* Task directions: The answer should hold every line of the listing, unchanged and free of images.

* Input data:
=== Section Start ===

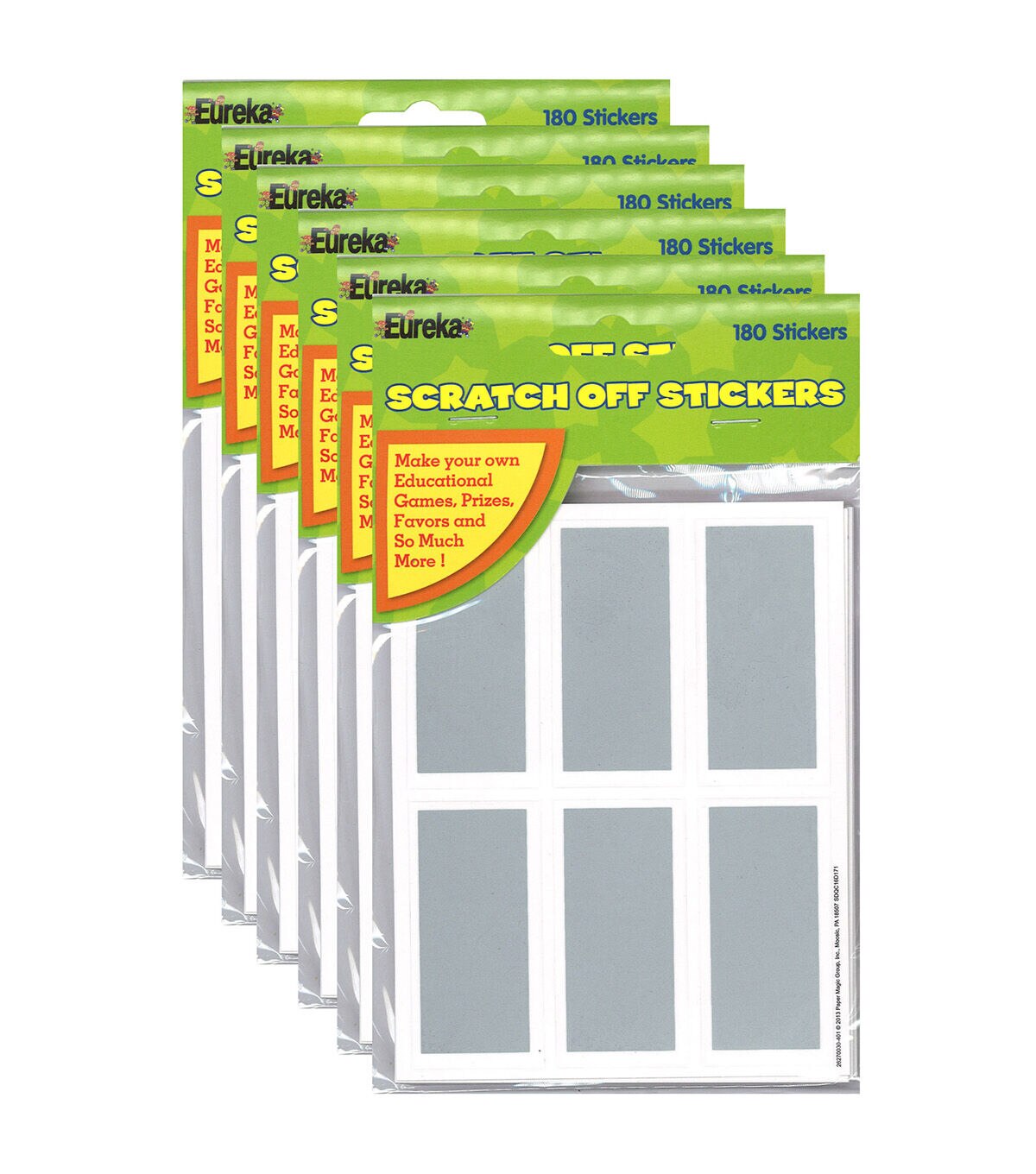 Make your own prizes, games, favors, and more with these Eureka Scratch-Off Stickers. Each sticker measures 2 1/2" x 1". Each pack contains 180 scratch off stickers (30 sheets). Sold as 6 packs for a total of 1080 stickers.
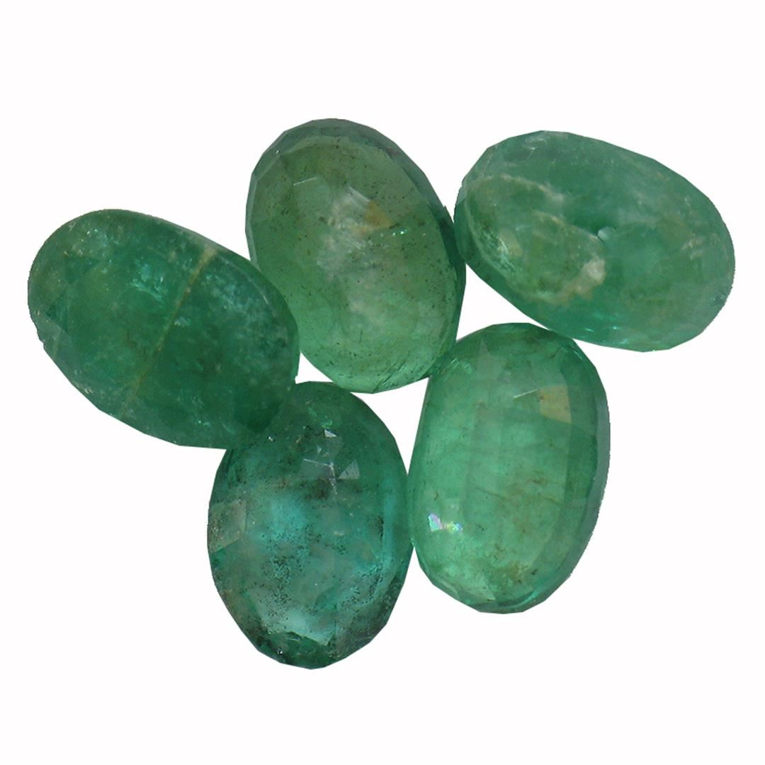 Five oval mixed cut natural emeralds exact total weight 3.92ct., clarity is heavily included, type III, medium dark, very slightly grayish, very slightly bluish green color, (GIA vslbG 6/3), cut is good. Westfield Appraised at $1,130.00.
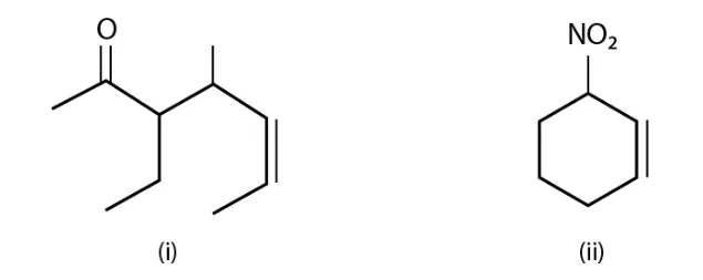 (ii) The name of the compound is; 1-nitro-cyclohexane-2-ene.
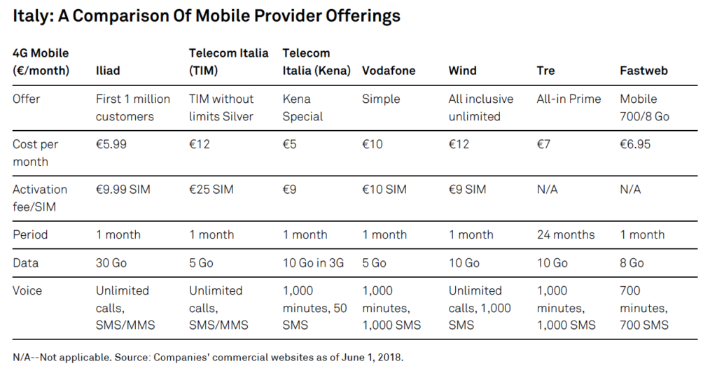 Standard & Poors Global Ratings considera l’offerta mobile italiana di Iliad come aggressiva, principalmente per via della grande quantità di dati piuttosto che per il prezzo: 5,99 euro al mese per 30 GB in 4G e conversazioni e sms illimitati.

=== Section End ===

* Answer section:
 Make your own prizes, games, favors, and more with these Eureka Scratch-Off Stickers. Each sticker measures 2 1/2" x 1". Each pack contains 180 scratch off stickers (30 sheets). Sold as 6 packs for a total of 1080 stickers.
 Five oval mixed cut natural emeralds exact total weight 3.92ct., clarity is heavily included, type III, medium dark, very slightly grayish, very slightly bluish green color, (GIA vslbG 6/3), cut is good. Westfield Appraised at $1,130.00.
 (ii) The name of the compound is; 1-nitro-cyclohexane-2-ene.
 Standard & Poors Global Ratings considera l’offerta mobile italiana di Iliad come aggressiva, principalmente per via della grande quantità di dati piuttosto che per il prezzo: 5,99 euro al mese per 30 GB in 4G e conversazioni e sms illimitati.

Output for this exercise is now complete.